Well, the big primary day is over and the bloviating is gassing up the place. This, from the AP's Charles Babbington, is just short of ridiculous.

WASHINGTON – Voters rejected one of President Barack Obama's hand-picked candidates and forced another into a runoff, the latest sign that his political capital is slipping beneath a wave of anti-establishment anger.

Sen. Arlen Specter became the fourth Democrat in seven months to lose a high-profile race despite the president's active involvement, raising doubts about Obama's ability to help fellow Democrats in this November's elections.

The first three candidates fell to Republicans. But Specter's loss Tuesday to Rep.

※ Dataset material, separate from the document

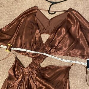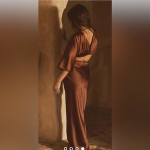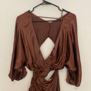 SUBOO Tate Satin Front Cross Draped Maxi Dress Small

Joe Sestak in Pennsylvania's Democratic senatorial primary cast doubts on Obama's influence and popularity even within his own party — and in a battleground state, no less.

Of course, it's possible that Democrats will fare better than expected this fall. And there's only so much that any president can do to help other candidates, especially in a non-presidential election year.

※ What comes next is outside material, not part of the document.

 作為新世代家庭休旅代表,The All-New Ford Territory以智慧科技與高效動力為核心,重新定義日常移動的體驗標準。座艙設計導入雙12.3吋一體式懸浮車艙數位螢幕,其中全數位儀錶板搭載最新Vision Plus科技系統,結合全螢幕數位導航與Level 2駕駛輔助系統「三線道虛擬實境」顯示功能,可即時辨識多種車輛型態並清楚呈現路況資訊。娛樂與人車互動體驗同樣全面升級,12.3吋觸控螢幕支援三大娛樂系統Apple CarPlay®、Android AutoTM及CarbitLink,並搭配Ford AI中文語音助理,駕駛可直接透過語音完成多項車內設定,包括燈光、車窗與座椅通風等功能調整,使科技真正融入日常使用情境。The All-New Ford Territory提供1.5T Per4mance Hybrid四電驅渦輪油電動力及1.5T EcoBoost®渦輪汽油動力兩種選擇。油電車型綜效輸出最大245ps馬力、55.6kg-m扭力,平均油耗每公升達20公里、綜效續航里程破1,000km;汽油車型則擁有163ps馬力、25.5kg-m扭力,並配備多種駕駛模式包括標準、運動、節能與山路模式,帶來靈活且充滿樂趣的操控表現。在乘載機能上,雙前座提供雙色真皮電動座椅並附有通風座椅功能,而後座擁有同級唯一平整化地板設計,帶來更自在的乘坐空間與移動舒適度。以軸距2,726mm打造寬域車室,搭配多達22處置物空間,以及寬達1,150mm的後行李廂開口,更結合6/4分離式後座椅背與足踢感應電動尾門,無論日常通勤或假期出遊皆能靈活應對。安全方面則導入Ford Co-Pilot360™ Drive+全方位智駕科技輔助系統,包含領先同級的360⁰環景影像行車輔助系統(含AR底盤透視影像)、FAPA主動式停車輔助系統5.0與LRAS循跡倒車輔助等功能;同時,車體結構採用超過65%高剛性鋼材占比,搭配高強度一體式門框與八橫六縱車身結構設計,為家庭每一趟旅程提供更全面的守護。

Still, Obama's poor record thus far could hurt his legislative agenda if Democratic lawmakers decide they need some distance from him as they seek re-election in what is shaping up as a pro-Republican year. Conversely, it might embolden Republican lawmakers and candidates who oppose him.

Embolden them? What have they done for two years but oppose his agenda. Nevertheless, his agenda -- one shared with Harry Reid, Nancy Pelosi and the majority of Dems in Congress, seems to have done pretty well thus far, with historic healthcare legislation and financial regulatory legislation that could pass this month.

But more to the point, sure, Specter was Obama's "hand-picked candidate," though I'd argue that Specter picked himself and forced Obama to support him in exchange for his vote on health care. What, though, has Obama lost when an 80-year old life-long Republican loses a Democratic primary to a Democrat who has a better chance of winning in the fall?

Oh, and Obama's other FAIL?

Creating another bruise for Obama and the Democratic establishment Tuesday, Sen. Blanche Lincoln was forced into a runoff in Arkansas' Democratic senatorial primary. Obama supports her bid for a third term, but he is not as closely associated with her campaign as he was with Specter's.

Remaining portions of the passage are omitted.